NM also provides a service to manage the storage resources of the local node, for example, for map-reduce application will use the shuffle service to store the local temporary map outputs, and shuffle to reduce tasks

Applicationmaster

AM is responsible for coordinating resources with scheduler, executing and monitoring tasks in NM, and requesting additional resources from scheduler when container fails

Contact Us

The content source of this page is from Internet, which doesn't represent Alibaba Cloud's opinion; products and services mentioned on that page don't have any relationship with Alibaba Cloud. If the content of the page makes you feel confusing, please write us an email, we will handle the problem within 5 days after receiving your email.

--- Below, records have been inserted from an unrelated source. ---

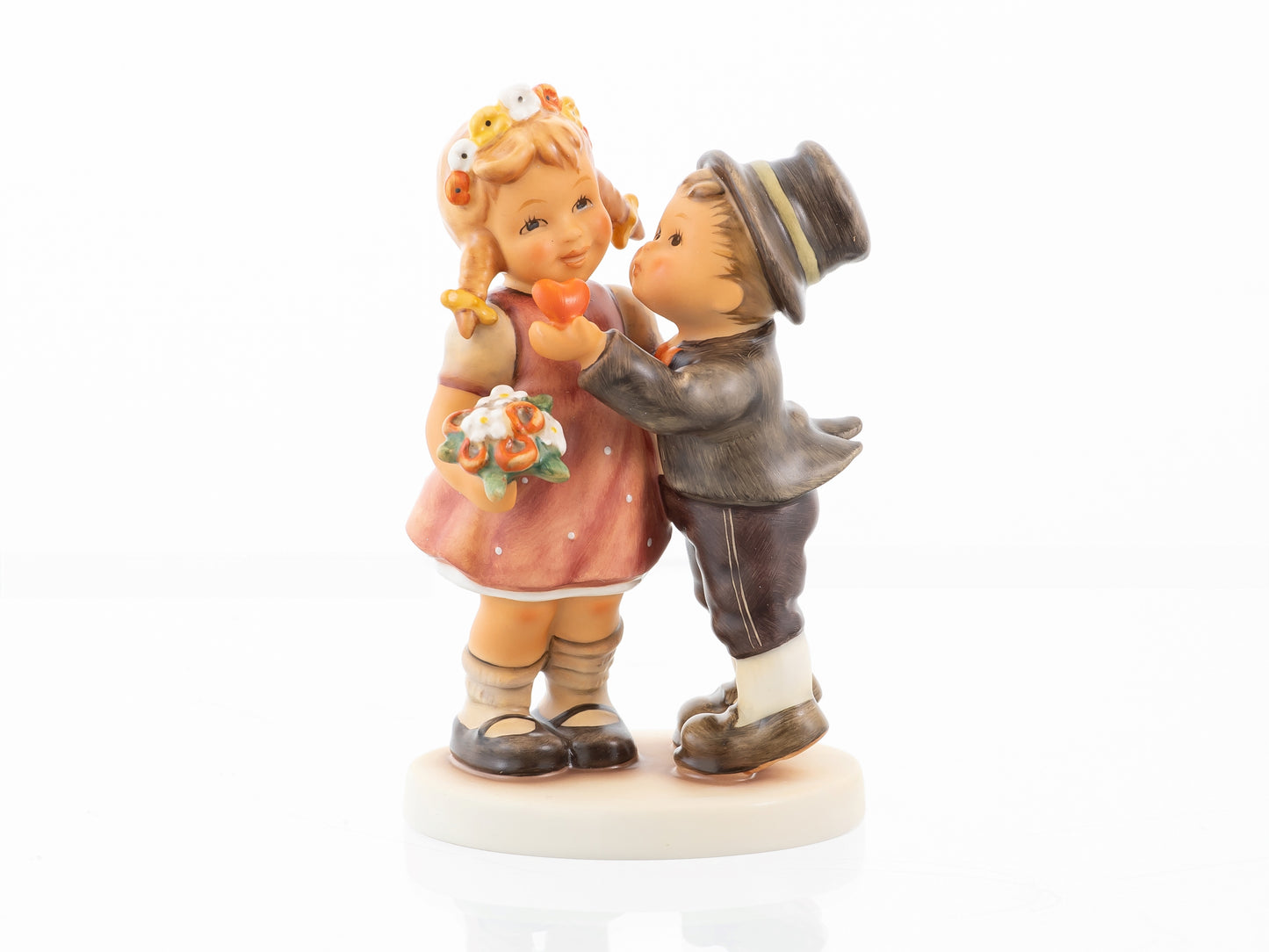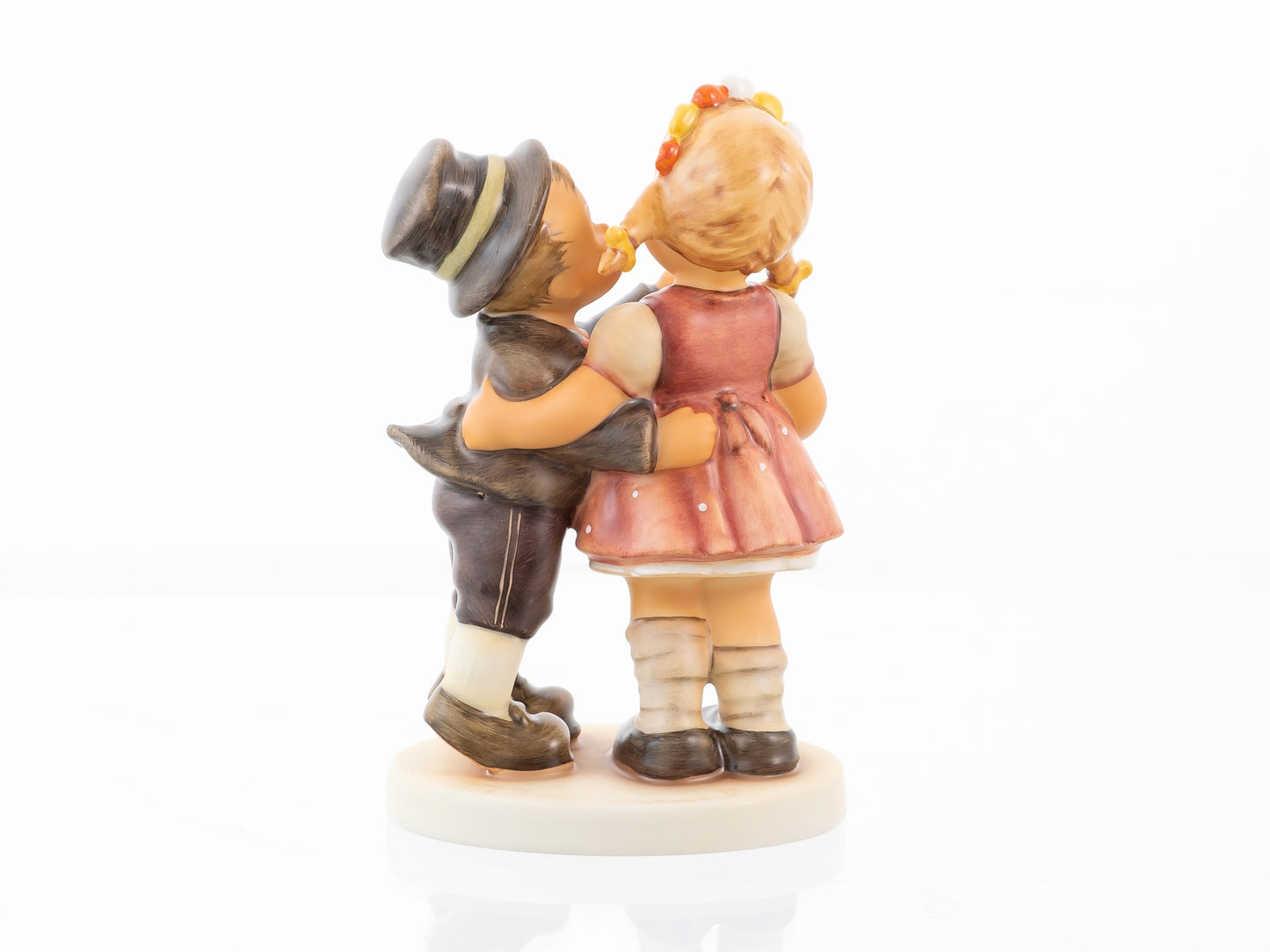 Das traditionelle weiße Brautkleid wie beim Hummel-Klassiker „Hochzeit“ von 1997 (HUM 2003 2/0) finden Hummel-Fans hier allerdings nicht – das Madla kommt im klassischen bayerischen Dirndl und der Bub in seiner besten Lederhose. Im Vergleich zu „Hochzeit“ steht das Hummel-Mädchen diesmal links statt rechts. Mit einem Lächeln im Gesicht haben sich die beiden gerade das Jawort gegeben und starten nun in ihr gemeinsames Leben. Umso mehr freut sich der glückliche Ehemann jetzt, seiner Braut den ersten Kuss aufzudrücken. Mit gespitzten Lippen streckt er sich seiner Angetrauten entgegen – sie wird ihm den Kuss ganz bestimmt nicht verwehren.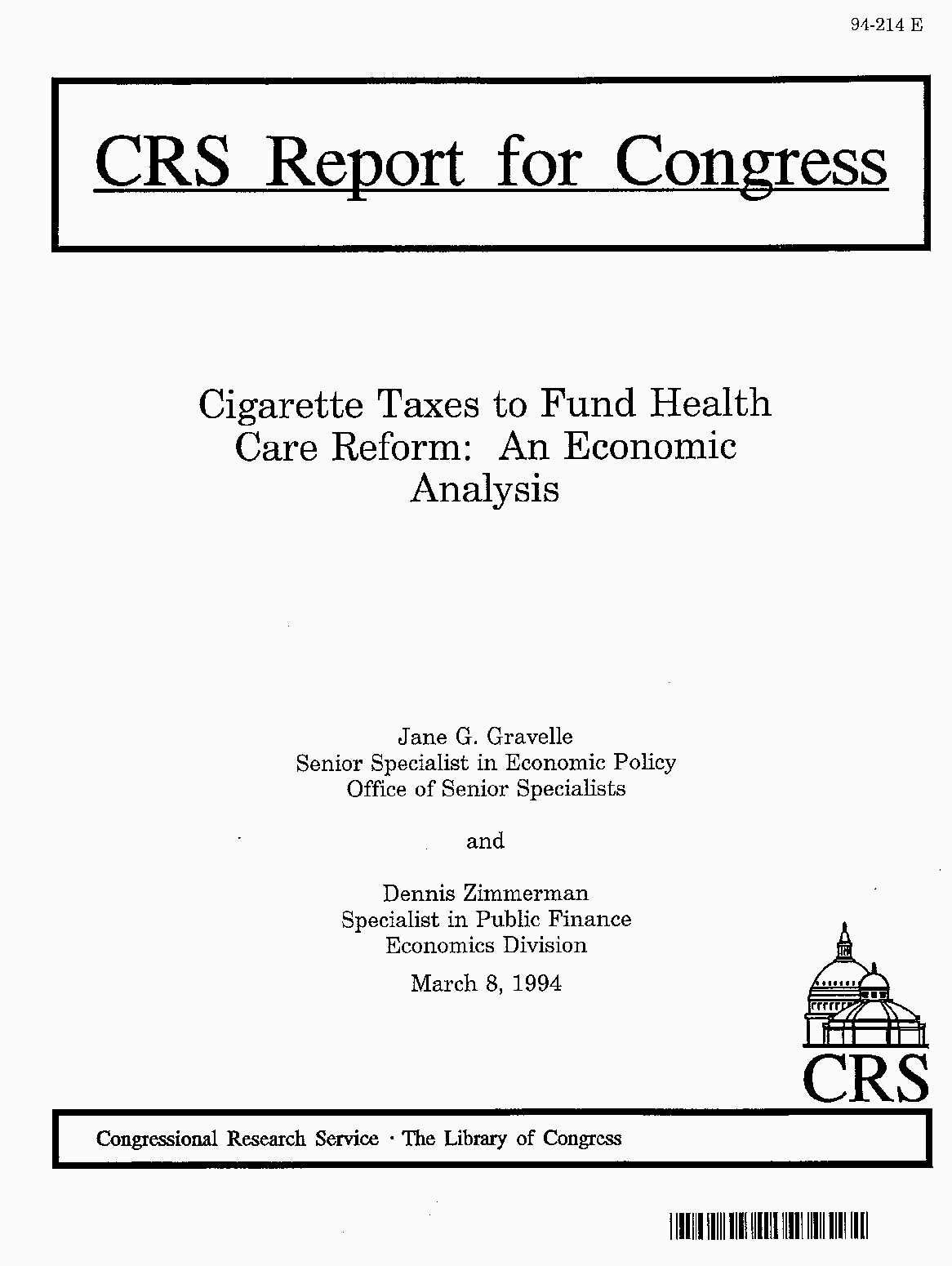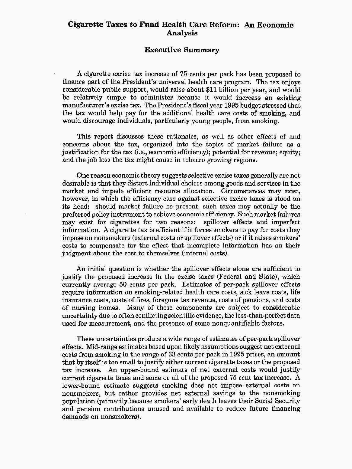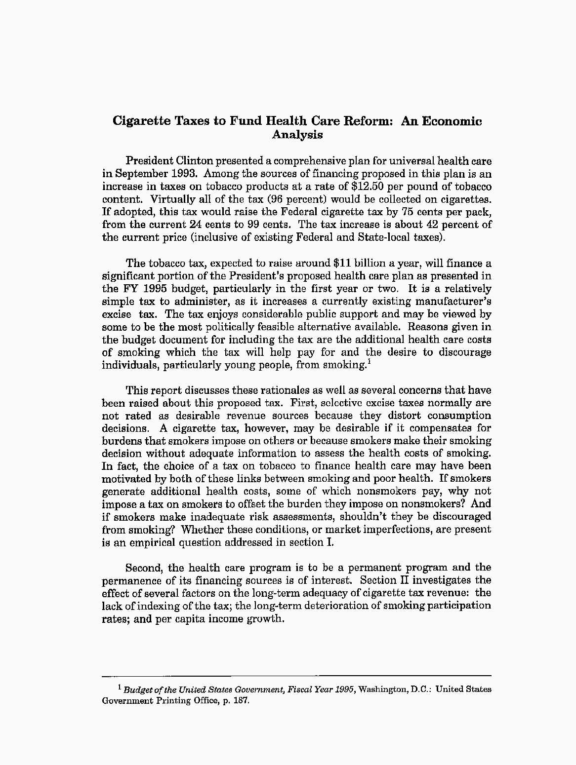 Cigarette Taxes to Fund Health Care Reform: An Economic Analysis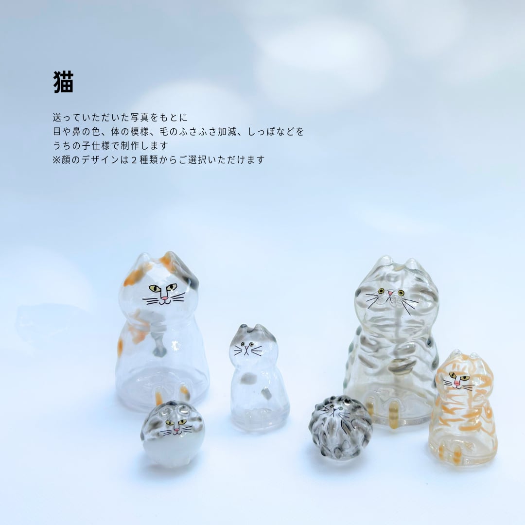 送って頂いた写真をもとに、目や鼻の色、模様、しっぽなどをうちの子仕様で作ります。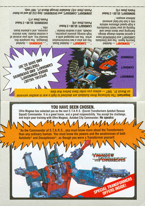 This one sells the STARS club, as well as the Omnibots, Sunstreaker, Wheeljack, Reflector, Thundercracker, Ratchet, and Mirage, as well as a couple TF video tapes. Approximate dimensions are 5-1/2" by 15" when fully opened.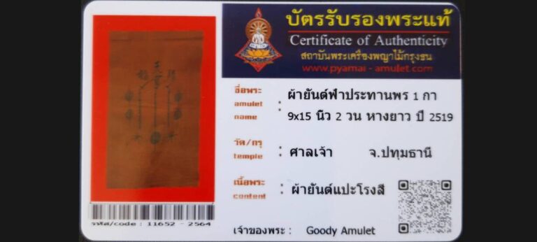 • ← Previous ผ้ายันต์ฟ้าประทานพร 1 กา 9×15 นิ้ว 2 วน หางยาว อาแปะโรงสี วัดศาลเจ้า จ.ปทุมธานี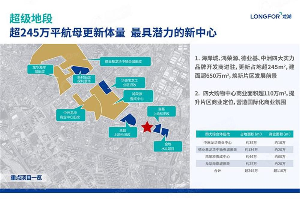 粵港澳大灣區(qū)中軸,深圳地理中心,龍華中心地段。政府約2000億元投資,近2.5倍福田中心區(qū)規(guī)模,超60個標志性重大項目,打造集高端商務、現代商貿、金融服務于一體的國際會客廳。片區(qū)規(guī)劃更新面積超245萬㎡,建面超650萬㎡,中洲、海岸、德業(yè)基、鴻榮源四大購物中心超110萬㎡集中商業(yè)建面,周邊規(guī)劃綜合體林立,定鼎深圳未來最大商圈;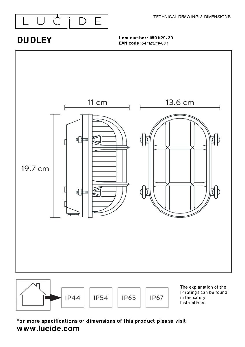 Уличный настенный светильник Lucide Dudley 11891/20/30Характеристики
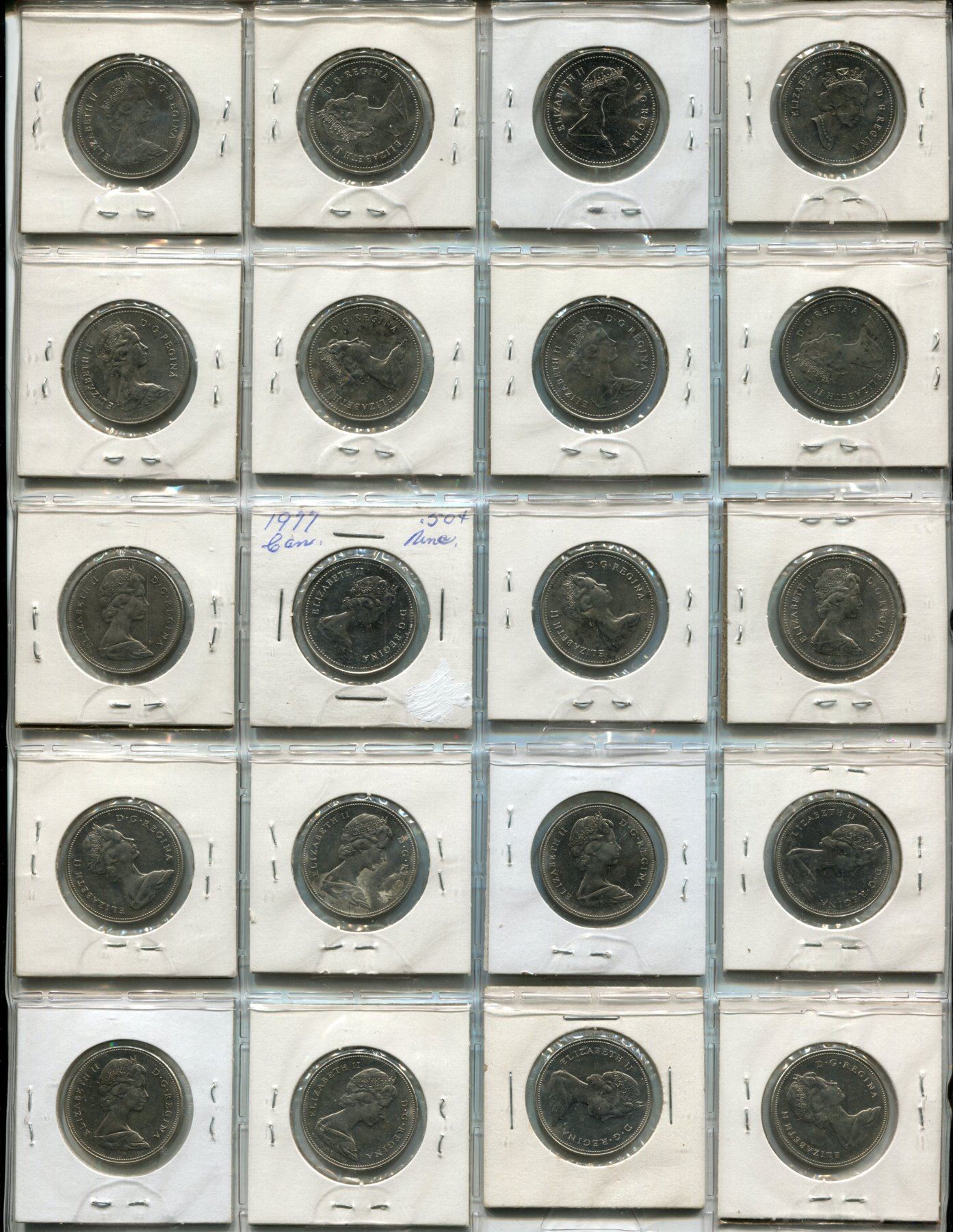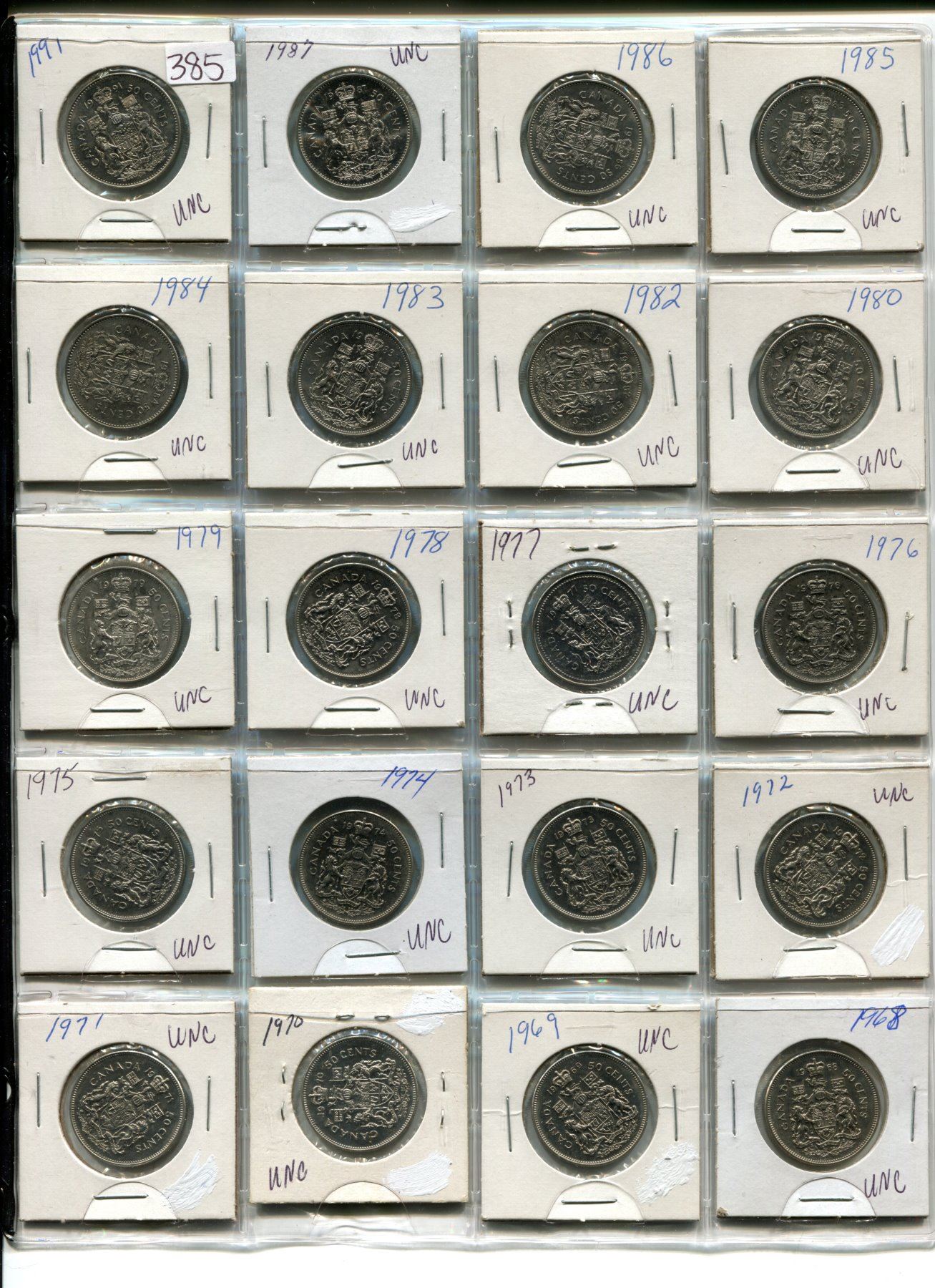 20-Canadian 50 cent pieces 1968 to 1991 (all different),20-Canadian 50 cent coins

If you find any instances of plagiarism from the community, please send an email to: info-contact@alibabacloud.com and provide relevant evidence. A staff member will contact you within 5 working days.

A Free Trial That Lets You Build Big!

Start building with 50+ products and up to 12 months usage for Elastic Compute Service

  • Sales Support

    1 on 1 presale consultation

  • After-Sales Support

    24/7 Technical Support 6 Free Tickets per Quarter Faster Response

  • Alibaba Cloud offers highly flexible support services tailored to meet your exact needs.